They must have seen the signal fire, which Akiko and Oliver had built to help guide them home. The three of them came skimming in just as the sun was setting, bounding over sliced-off trees in the landing path.

As they descended, Javi felt the low-gravity field of their device lift his tired muscles for a moment. The bonfire ruffled and sparked, then settled again as normal weight returned. Akiko and Kira ran to embrace each other, spinning off into their own private stream of French and Japanese.

“Are you okay?” Oliver said. He was staring at Yoshi, whose knee was wrapped up in a bloody bungee cord.

“I’m fine,” came Yoshi’s answer. But he looked pale, and he walked toward the fire with a definite limp.

“He had an argument with a robot,” Anna said.

Yoshi half shrugged. “Which I won.”

They looked exhausted, and when Anna spotted the slide-whistle bird plucked and ready by the fire, her eyes went wide.

“Wait,” Javi said. “Did you just say a robot? Does that mean you found people?”

Yoshi started to answer, but then he saw the form stretched out in the shadows beyond the fire. “Is that Molly?”

Javi nodded. “She’s worse. Um, we kind of blew up the plane.”

“We saw,” Anna said blankly.

A moment later all six of them were crowded around Molly’s unconscious form, and Javi was explaining everything—how they’d found the two new settings, set the airplane on fire, and barely escaped being burned to death. And how Molly had fainted after all the excitement.

“She hasn’t moved since,” he finished. “I don’t know what to do.”

“We can get her help,” Anna said.

Oliver looked up. “So you did find people?”

“No.” Anna took a breath. “But someone made this jungle, and we think we know where they are.”

Javi blinked, his brain too tired to understand.

“Wait. We’re on Earth?” he managed.

“We’re exactly where we’re supposed to be,” Yoshi said. “Behind the waterfall was a huge wall of stone, maybe miles high. Someone built it. Someone built all of this.”
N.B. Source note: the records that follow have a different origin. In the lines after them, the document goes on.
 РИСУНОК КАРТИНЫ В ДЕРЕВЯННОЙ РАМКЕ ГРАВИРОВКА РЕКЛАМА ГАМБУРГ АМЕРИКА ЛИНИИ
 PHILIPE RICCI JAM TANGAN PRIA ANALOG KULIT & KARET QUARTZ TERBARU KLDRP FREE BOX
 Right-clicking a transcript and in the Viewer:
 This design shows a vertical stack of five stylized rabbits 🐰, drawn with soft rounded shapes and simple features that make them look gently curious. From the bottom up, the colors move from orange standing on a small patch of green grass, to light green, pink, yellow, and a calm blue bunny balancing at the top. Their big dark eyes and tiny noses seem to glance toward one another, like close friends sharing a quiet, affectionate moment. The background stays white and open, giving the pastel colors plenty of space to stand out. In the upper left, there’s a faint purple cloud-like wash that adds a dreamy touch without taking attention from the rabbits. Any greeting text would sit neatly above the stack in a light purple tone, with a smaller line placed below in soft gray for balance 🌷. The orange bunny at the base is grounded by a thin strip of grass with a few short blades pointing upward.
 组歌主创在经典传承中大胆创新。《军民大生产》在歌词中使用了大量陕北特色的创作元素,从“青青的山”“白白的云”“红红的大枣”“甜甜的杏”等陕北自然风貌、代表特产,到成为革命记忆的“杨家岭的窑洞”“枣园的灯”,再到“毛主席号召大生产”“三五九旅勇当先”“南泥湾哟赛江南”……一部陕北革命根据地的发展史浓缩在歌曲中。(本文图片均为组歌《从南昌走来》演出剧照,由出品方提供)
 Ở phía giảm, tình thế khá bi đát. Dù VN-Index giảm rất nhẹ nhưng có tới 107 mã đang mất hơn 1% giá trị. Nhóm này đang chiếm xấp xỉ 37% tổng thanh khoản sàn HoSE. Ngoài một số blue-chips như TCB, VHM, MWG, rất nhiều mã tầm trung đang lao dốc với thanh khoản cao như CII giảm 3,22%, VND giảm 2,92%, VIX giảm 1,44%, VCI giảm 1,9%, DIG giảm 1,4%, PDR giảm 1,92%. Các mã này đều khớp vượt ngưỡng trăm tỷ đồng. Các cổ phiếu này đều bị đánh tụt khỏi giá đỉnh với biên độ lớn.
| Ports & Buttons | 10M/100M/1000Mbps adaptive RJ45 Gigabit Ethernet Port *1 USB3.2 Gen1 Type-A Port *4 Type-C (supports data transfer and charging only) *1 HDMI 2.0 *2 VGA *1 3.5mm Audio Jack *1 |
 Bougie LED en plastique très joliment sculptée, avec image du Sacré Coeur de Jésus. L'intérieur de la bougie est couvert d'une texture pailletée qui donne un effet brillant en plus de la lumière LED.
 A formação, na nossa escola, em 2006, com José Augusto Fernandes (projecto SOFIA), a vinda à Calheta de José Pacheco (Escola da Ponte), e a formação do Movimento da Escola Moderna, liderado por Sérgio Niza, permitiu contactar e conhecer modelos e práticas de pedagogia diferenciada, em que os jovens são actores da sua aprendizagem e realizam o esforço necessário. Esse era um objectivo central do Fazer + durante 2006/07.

“The wall’s full of machines,” Anna said. “Tons of weird technology, along with robots that maintain it. The whole thing is wrapped around this valley, to protect it.”

Javi stared at them. They looked tired, but not like they’d gone crazy in the last two days. And he’d seen plenty of stranger things than robots and giant walls since the crash.

“Protect it from what?”

“The arctic,” Yoshi said simply.

“We were almost at the top of the wall,” Anna explained. “And when we doubled the gravity, a ton of snow came tumbling down. We triggered an avalanche, because our plane crashed exactly where it should have—somewhere not that far from the North Pole.”

“We even saw the Big Dipper.” Yoshi looked up. “Also known as Ursa Major. That’s what Caleb was trying to tell us.”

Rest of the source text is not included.